What the task asks:
Go to the line that contains "如果斜抛运动的初速度$v_0" in the listing below, then output it and every line after it exactly, omitting pictures.

Dataset section:
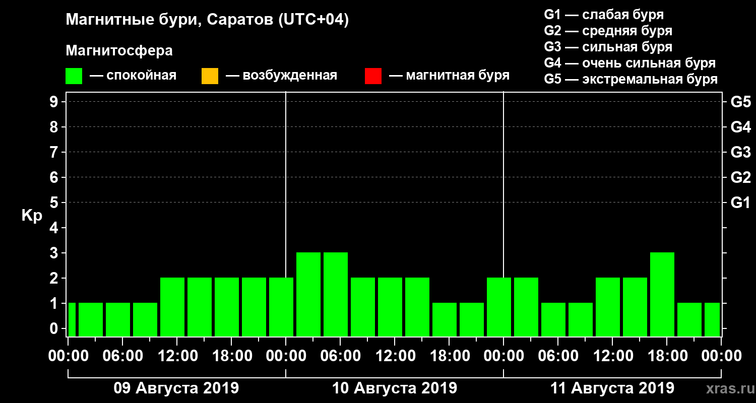 Изменения геомагнитного индекса Kp с 9 по 11 августа 2019 года для средних широт
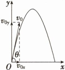 如果斜抛运动的初速度$v_0$与水平方向的夹角为$\theta$,则水平方向分速度$v_{0x}=$______,竖直方向分速度$v_{0y}=$______。
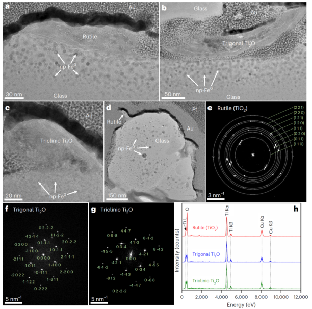 嫦娥五号月壤中发现的金红石(TiO2)、三方结构Ti2O(Trigonal-Ti2O)和三斜结构Ti2O(Triclinic-Ti2O)3种Ti纳米矿物

Result:
 如果斜抛运动的初速度$v_0$与水平方向的夹角为$\theta$,则水平方向分速度$v_{0x}=$______,竖直方向分速度$v_{0y}=$______。
 嫦娥五号月壤中发现的金红石(TiO2)、三方结构Ti2O(Trigonal-Ti2O)和三斜结构Ti2O(Triclinic-Ti2O)3种Ti纳米矿物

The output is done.